His face changes; hope once more shines within his blue eyes. Involuntarily he draws up his tall, slight figure to its full height, with a glad gesture that bespeaks returning confidence; then he glances longingly first at Molly's downcast face, then at the small hand that lies trembling in his own.
"May I?" he asks, and, receiving no denial, stoops and kisses it warmly once, twice, thrice, with fervent devotion.
* * * * *
"My dear, how long you have been!" says Cecil, when at length Molly returns to her room. "I thought you were never coming. Where have you been?"
"In the drawing-room; and oh, Cecil! _he_ was there. And he would keep me, asking me question after question."
"I dare say," says Cecil, looking her over. "That blue _negligee_ is tremendously becoming. No doubt he has still a good many more questions he would like to put to you. And you call yourself a nice, decorous, well-behaved----"
"Don't be silly. You have yet to hear the 'decorous' and thrilling part of my tale. Just as we were in the middle of a most animated discussion, what do you think happened? Somebody actually came to the door and tried to open it. In an instant Tedcastle blew out both our candles and drew me behind the curtain."
"'"Curiouser and curiouser," said Alice.' I begin to think I'm in Wonderland. Go on. The plot thickens; the impropriety deepens. It grows more interesting at every word."
"The 'somebody,' whoever it was, opened the door, looked in,--fortunately without a light, or we might have been discovered,--and----"
"You fainted, of course?" says Cecil, who is consumed with laughter.
"No, indeed," answers Molly; "I neither fainted nor screamed."
"Tut! nonsense. I think nothing of you. Such a golden opportunity thrown away! In your place I should have been senseless in half a minute in Tedcastle's arms."
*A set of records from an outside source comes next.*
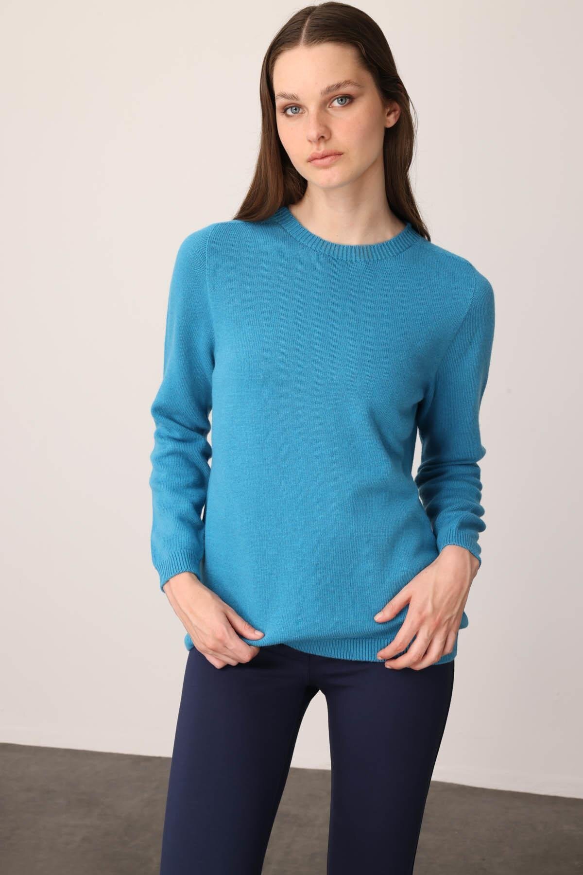 Kadın Sıfır Yaka Kaşmir Kazak Somon Kadın Sıfır Yaka Kaşmir Kazak Somon 25153 XL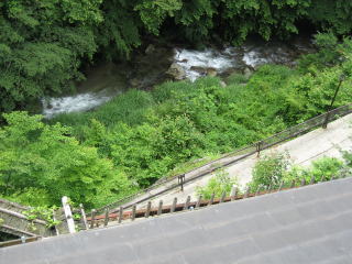 こんな感じに、眼下に清流を望むことが出来ます。 前日は雨でしたが、晴れた日の夕暮れ時にでも、露天風呂に入ったら、とっても気持ち良さそう。 |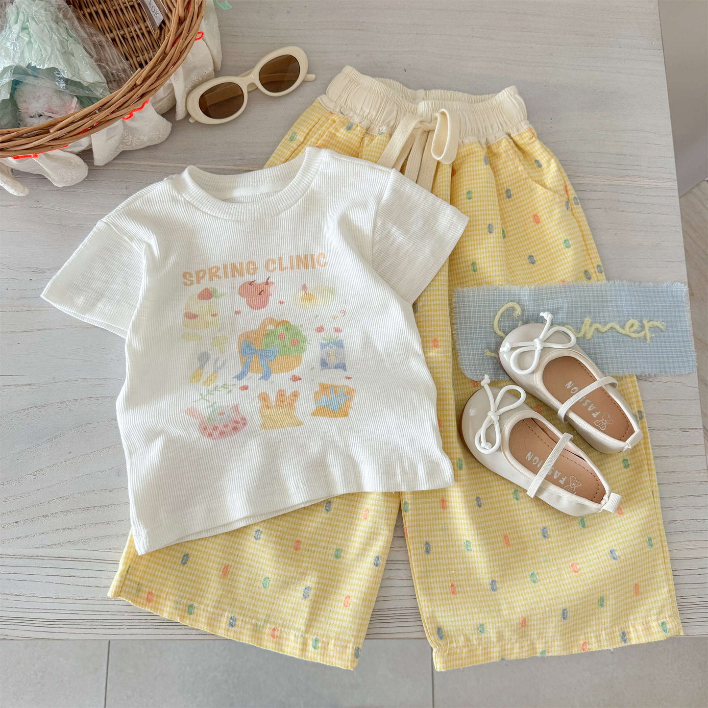 Sweet Little Girl Summer Outfit Set New Korean Version Cartoon Print Short Sleeve T T-shirt and Wide-leg Pants Two-piece Set for Baby Girls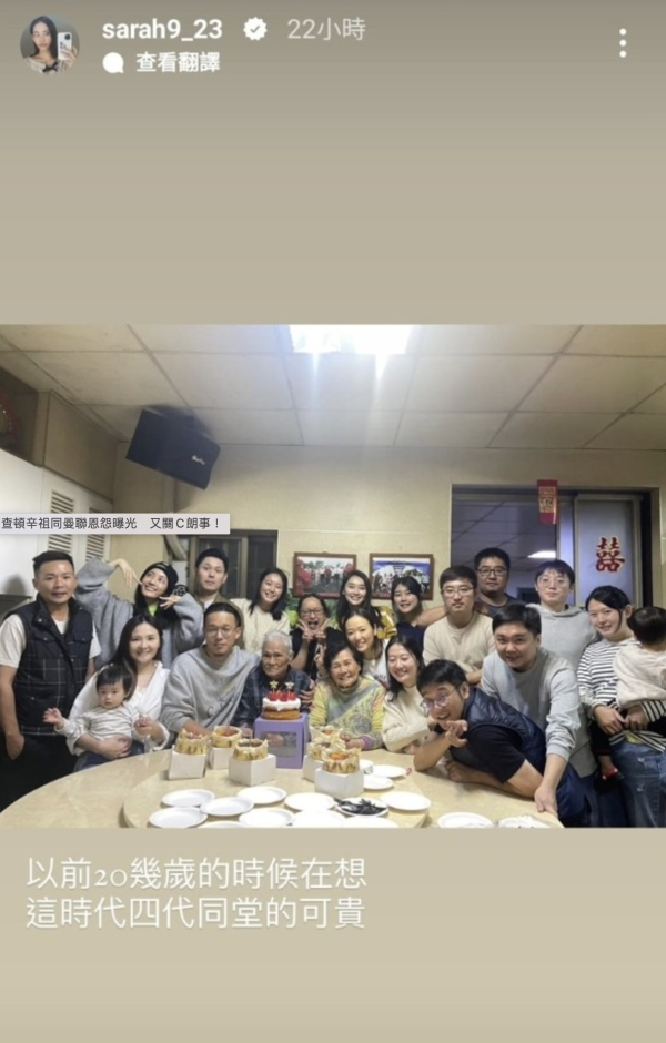 不過早前余文樂到日本遊玩,而太太王棠云則留在台灣與家人相聚,她在社交平台上上載了限時動態,相中有老有嫩,人數更超過20人,單單是小朋友已經有10個以上。她寫道「以前20幾歲的時候在想,這時代四代同堂的可貴」、「結果這裡全是第四代,好感人」,而從「四代人」中,有兩位小朋友疑似是余文樂王棠云的小孩,數年來小心翼翼的兩老婆在全家福中洩密!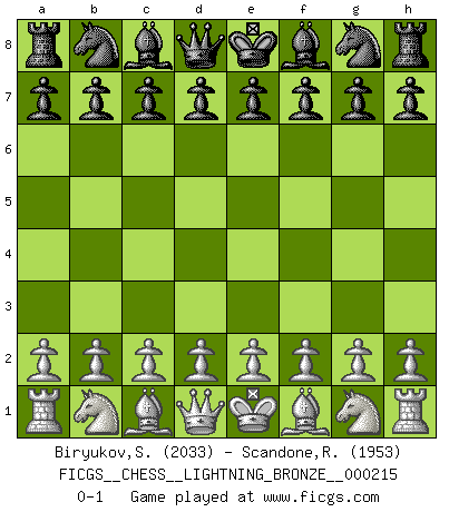 Last move : 0-1 2011 August 17 21:37:22 [Event "FICGS__CHESS__LIGHTNING_BRONZE__000215"] [Site "FICGS"] [Date "2011.08.17"] [Round "1"] [White "Biryukov,Sergey"] [Black "Scandone,Raffaele"] [Result "0-1"] [WhiteElo "2033"] [BlackElo "1953"] 0-1 This chess game has been lost on time (started : 2011.08.17 17:58:39) Player Black won this chess game. Follow this game move after move (download)Many have become Chess Masters, no one has become the Master of Chess. (Siegbert Tarrasch) Stelle das Brett so, daß die Sonne in die Augen deines Gegners scheint. (Ruy López) En la perfecta combinación de Ajedrez como en una historia corta de primera clase, toda la trama y contra trama deberá conducir hacia un final sorprendente, el interes no es mitigado hasta el último momento. (Yates and Winter) D'abord les bases : Jouez et étudiez, puis étudiez et jouez, ensuite jouez et étudiez, puis étudiez et jouez. Deuxièmement : Donnez toujours le meilleur de vous-même ! (Ken Smith) When you don't know what to do, walk fast and look worried. (Anonymous)

"Forgive my stupidity. I only turned and caught hold of Teddy's arm, and held him as though I never meant to let him go."
"Perhaps that was your secret wish, were the truth known. Molly, you are wiser than I am. What is a paltry fainting fit to the touch of a soft, warm hand? Go on."
"Well, the invader, when he had gazed into space, withdrew again, leaving us to our own devices. Cecil, if we had been discovered! I in my dressing-gown! Not all the waters of the Atlantic would have saved me from censure. I never was so terrified. Who _could_ it have been?"
"'Oh! 'twas I, love; Wandering by, love,'"
declares Cecil, going off into a perfect peal of laughter. "Never, never have I been so entertained! And so I frightened you? Well, be comforted. I was terrified in my turn by your long absence; so much so that, without a candle, I crept down-stairs, stole along the hall, and looked into the drawing-room. Seeing no one, I retreated, and gained my own room again as fast as I could. Oh, how sorry I am I did not know! Consider your feelings had I stolen quietly toward your hiding-place step by step! A splendid situation absolutely thrown away."
"You and Mr. Potts ought to be brother and sister, you both revel so in the bare idea of mischief," says Molly, laughing too.
And then Cecil, declaring it is all hours, turns her out of her room, and presently sleep falls and settles upon Herst and all its inmates.